EXERCISE REQUIREMENTS:
For this exercise, repeat exactly the lines below starting at the line holding "The transmitter should" and ending at the line holding "de Aula: Aprendendo", both included, with no extra lines and no pictures.

TASK INPUT:
□ □ □ □ □ □ □

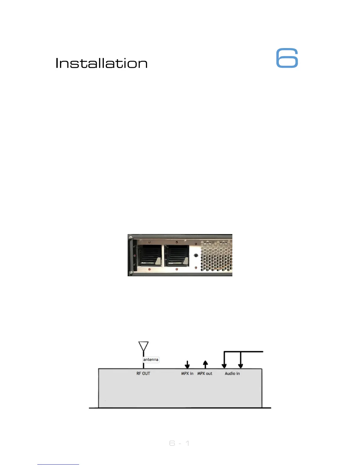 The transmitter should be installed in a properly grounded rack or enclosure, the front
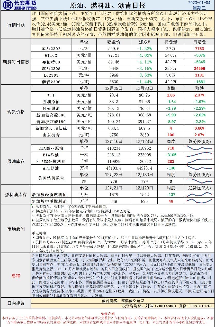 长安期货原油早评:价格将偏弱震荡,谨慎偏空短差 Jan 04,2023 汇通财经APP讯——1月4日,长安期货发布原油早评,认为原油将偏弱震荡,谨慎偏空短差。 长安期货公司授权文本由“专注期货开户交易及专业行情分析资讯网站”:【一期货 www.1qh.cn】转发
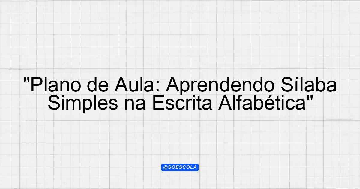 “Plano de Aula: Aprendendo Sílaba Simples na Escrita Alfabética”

□ □ □ □ □ □ □

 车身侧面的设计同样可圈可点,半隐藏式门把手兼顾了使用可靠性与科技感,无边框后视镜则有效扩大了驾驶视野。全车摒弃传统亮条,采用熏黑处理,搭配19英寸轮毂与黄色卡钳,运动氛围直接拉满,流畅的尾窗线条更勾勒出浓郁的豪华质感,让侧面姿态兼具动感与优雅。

□ □ □ □ □ □ □

TASK RESPONSE:
 The transmitter should be installed in a properly grounded rack or enclosure, the front
 长安期货原油早评:价格将偏弱震荡,谨慎偏空短差 Jan 04,2023 汇通财经APP讯——1月4日,长安期货发布原油早评,认为原油将偏弱震荡,谨慎偏空短差。 长安期货公司授权文本由“专注期货开户交易及专业行情分析资讯网站”:【一期货 www.1qh.cn】转发
 “Plano de Aula: Aprendendo Sílaba Simples na Escrita Alfabética”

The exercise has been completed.